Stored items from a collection
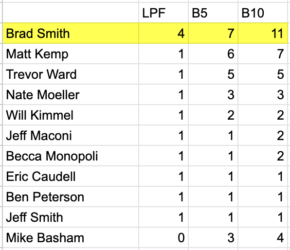 AUTHOR’S NOTE: While the collaborative effort from Jeff Smith’s Berlin last-place finish used Fast Track Racing owner points, it was primarily a Brad Smith Motorsports entry. For the sake of consistency with ARCA’s standings, Fast Track has been credited with the last-place finish in our standings below.
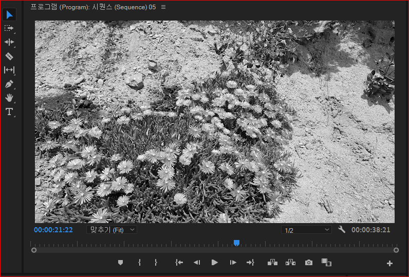 효과 창에서 흑백 효과를 검색 후, 시퀀스에 드래그해 보면
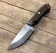 This Bushcraft style blade is made from 80CRV2 high carbon steel and has a scandi grind with stone wash patina. Canvas micarta and orange G-10 make up the handle which is attached with brass fittings and a .22 shell casing. Blade length is 4” and overall is 8 3/4” - sheath included.
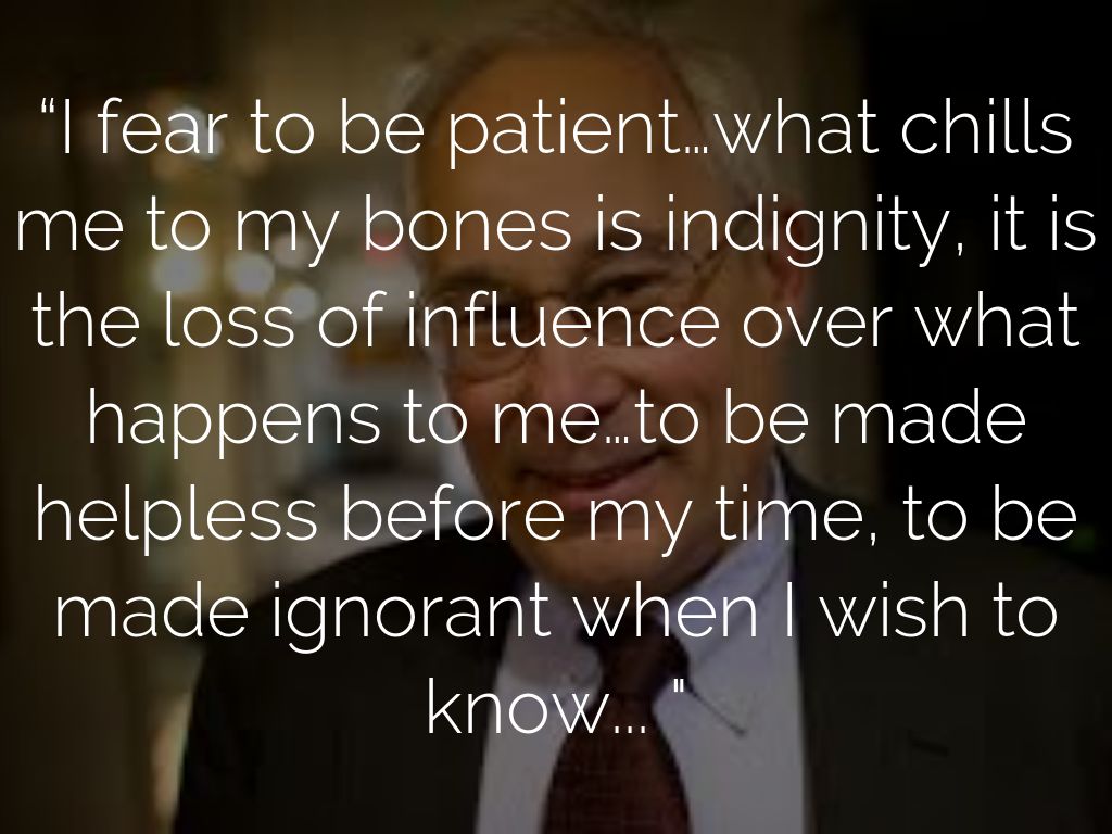 “I fear to be patient…what chills me to my bones is indignity, it is the loss of influence over what happens to me…to be made helpless before my time, to be made ignorant when I wish to know... "
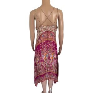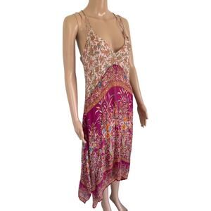 Lucky Brand Boho Floral Midi Dress Pink Multicolor Fairy Handkerchief Hem Festival S
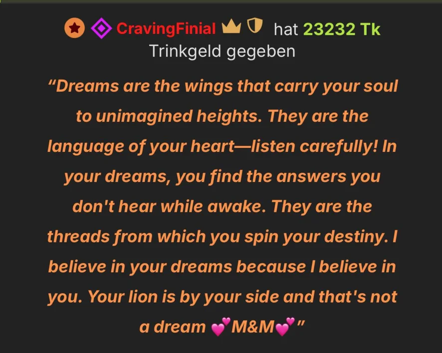 𝐘𝐨𝐮’𝐫𝐞 𝐧𝐨𝐭 𝐣𝐮𝐬𝐭 𝐚 𝐬𝐮𝐩𝐩𝐨𝐫𝐭𝐞𝐫, 𝐲𝐨𝐮’𝐫𝐞 𝐦𝐲 𝐥𝐢𝐨𝐧 – 𝐭𝐡𝐞 𝐨𝐧𝐞 𝐰𝐡𝐨 𝐬𝐡𝐨𝐰𝐬 𝐦𝐞 𝐭𝐡𝐚𝐭 𝐛𝐞𝐢𝐧𝐠 𝐭𝐡𝐞𝐫𝐞 𝐟𝐨𝐫 𝐞𝐚𝐜𝐡 𝐨𝐭𝐡𝐞𝐫 𝐢𝐬 𝐰𝐡𝐚𝐭 𝐭𝐫𝐮𝐥𝐲 𝐦𝐚𝐭𝐭𝐞𝐫𝐬. 𝐘𝐨𝐮𝐫 𝐰𝐨𝐫𝐝𝐬, 𝐲𝐨𝐮𝐫 𝐞𝐧𝐞𝐫𝐠𝐲, 𝐲𝐨𝐮𝐫 𝐬𝐮𝐩𝐩𝐨𝐫𝐭 – 𝐭𝐡𝐞𝐲 𝐦𝐞𝐚𝐧 𝐞𝐯𝐞𝐫𝐲𝐭𝐡𝐢𝐧𝐠 𝐭𝐨 𝐦𝐞. 𝐘𝐨𝐮 𝐦𝐚𝐤𝐞 𝐦𝐞 𝐟𝐞𝐞𝐥 𝐬𝐨 𝐬𝐞𝐞𝐧, 𝐬𝐨 𝐡𝐞𝐚𝐫𝐝, 𝐚𝐧𝐝 𝐬𝐨 𝐥𝐨𝐯𝐞𝐝. 𝐈’𝐦 𝐛𝐞𝐲𝐨𝐧𝐝 𝐠𝐫𝐚𝐭𝐞𝐟𝐮𝐥 𝐭𝐨 𝐡𝐚𝐯𝐞 𝐲𝐨𝐮 𝐢𝐧 𝐦𝐲 𝐥𝐢𝐟𝐞, 𝐧𝐨𝐭 𝐣𝐮𝐬𝐭 𝐢𝐧 𝐭𝐡𝐞 𝐬𝐭𝐫𝐞𝐚𝐦, 𝐛𝐮𝐭 𝐢𝐧 𝐦𝐲 𝐡𝐞𝐚𝐫𝐭. 𝐓𝐡𝐚𝐧𝐤 𝐲𝐨𝐮 𝐟𝐨𝐫 𝐛𝐞𝐢𝐧𝐠 𝐦𝐲 𝐫𝐨𝐜𝐤, 𝐦𝐲 𝐥𝐢𝐨𝐧, 𝐚𝐧𝐝 𝐦𝐲 𝐡𝐞𝐫𝐨. 𝐘𝐨𝐮’𝐫𝐞 𝐬𝐢𝐦𝐩𝐥𝐲 𝐚𝐦𝐚𝐳𝐢𝐧𝐠. 𝐓𝐡𝐚𝐧𝐤 𝐲𝐨𝐮, 𝐟𝐫𝐨𝐦 𝐭𝐡𝐞 𝐛𝐨𝐭𝐭𝐨𝐦 𝐨𝐟 𝐦𝐲 𝐡𝐞𝐚𝐫𝐭.💕

**WHAT IS NEEDED:** Please print the entries above exactly. Skip every picture.

**ANSWER SPACE:**
 AUTHOR’S NOTE: While the collaborative effort from Jeff Smith’s Berlin last-place finish used Fast Track Racing owner points, it was primarily a Brad Smith Motorsports entry. For the sake of consistency with ARCA’s standings, Fast Track has been credited with the last-place finish in our standings below.
 효과 창에서 흑백 효과를 검색 후, 시퀀스에 드래그해 보면
 This Bushcraft style blade is made from 80CRV2 high carbon steel and has a scandi grind with stone wash patina. Canvas micarta and orange G-10 make up the handle which is attached with brass fittings and a .22 shell casing. Blade length is 4” and overall is 8 3/4” - sheath included.
 “I fear to be patient…what chills me to my bones is indignity, it is the loss of influence over what happens to me…to be made helpless before my time, to be made ignorant when I wish to know... "
 Lucky Brand Boho Floral Midi Dress Pink Multicolor Fairy Handkerchief Hem Festival S
 𝐘𝐨𝐮’𝐫𝐞 𝐧𝐨𝐭 𝐣𝐮𝐬𝐭 𝐚 𝐬𝐮𝐩𝐩𝐨𝐫𝐭𝐞𝐫, 𝐲𝐨𝐮’𝐫𝐞 𝐦𝐲 𝐥𝐢𝐨𝐧 – 𝐭𝐡𝐞 𝐨𝐧𝐞 𝐰𝐡𝐨 𝐬𝐡𝐨𝐰𝐬 𝐦𝐞 𝐭𝐡𝐚𝐭 𝐛𝐞𝐢𝐧𝐠 𝐭𝐡𝐞𝐫𝐞 𝐟𝐨𝐫 𝐞𝐚𝐜𝐡 𝐨𝐭𝐡𝐞𝐫 𝐢𝐬 𝐰𝐡𝐚𝐭 𝐭𝐫𝐮𝐥𝐲 𝐦𝐚𝐭𝐭𝐞𝐫𝐬. 𝐘𝐨𝐮𝐫 𝐰𝐨𝐫𝐝𝐬, 𝐲𝐨𝐮𝐫 𝐞𝐧𝐞𝐫𝐠𝐲, 𝐲𝐨𝐮𝐫 𝐬𝐮𝐩𝐩𝐨𝐫𝐭 – 𝐭𝐡𝐞𝐲 𝐦𝐞𝐚𝐧 𝐞𝐯𝐞𝐫𝐲𝐭𝐡𝐢𝐧𝐠 𝐭𝐨 𝐦𝐞. 𝐘𝐨𝐮 𝐦𝐚𝐤𝐞 𝐦𝐞 𝐟𝐞𝐞𝐥 𝐬𝐨 𝐬𝐞𝐞𝐧, 𝐬𝐨 𝐡𝐞𝐚𝐫𝐝, 𝐚𝐧𝐝 𝐬𝐨 𝐥𝐨𝐯𝐞𝐝. 𝐈’𝐦 𝐛𝐞𝐲𝐨𝐧𝐝 𝐠𝐫𝐚𝐭𝐞𝐟𝐮𝐥 𝐭𝐨 𝐡𝐚𝐯𝐞 𝐲𝐨𝐮 𝐢𝐧 𝐦𝐲 𝐥𝐢𝐟𝐞, 𝐧𝐨𝐭 𝐣𝐮𝐬𝐭 𝐢𝐧 𝐭𝐡𝐞 𝐬𝐭𝐫𝐞𝐚𝐦, 𝐛𝐮𝐭 𝐢𝐧 𝐦𝐲 𝐡𝐞𝐚𝐫𝐭. 𝐓𝐡𝐚𝐧𝐤 𝐲𝐨𝐮 𝐟𝐨𝐫 𝐛𝐞𝐢𝐧𝐠 𝐦𝐲 𝐫𝐨𝐜𝐤, 𝐦𝐲 𝐥𝐢𝐨𝐧, 𝐚𝐧𝐝 𝐦𝐲 𝐡𝐞𝐫𝐨. 𝐘𝐨𝐮’𝐫𝐞 𝐬𝐢𝐦𝐩𝐥𝐲 𝐚𝐦𝐚𝐳𝐢𝐧𝐠. 𝐓𝐡𝐚𝐧𝐤 𝐲𝐨𝐮, 𝐟𝐫𝐨𝐦 𝐭𝐡𝐞 𝐛𝐨𝐭𝐭𝐨𝐦 𝐨𝐟 𝐦𝐲 𝐡𝐞𝐚𝐫𝐭.💕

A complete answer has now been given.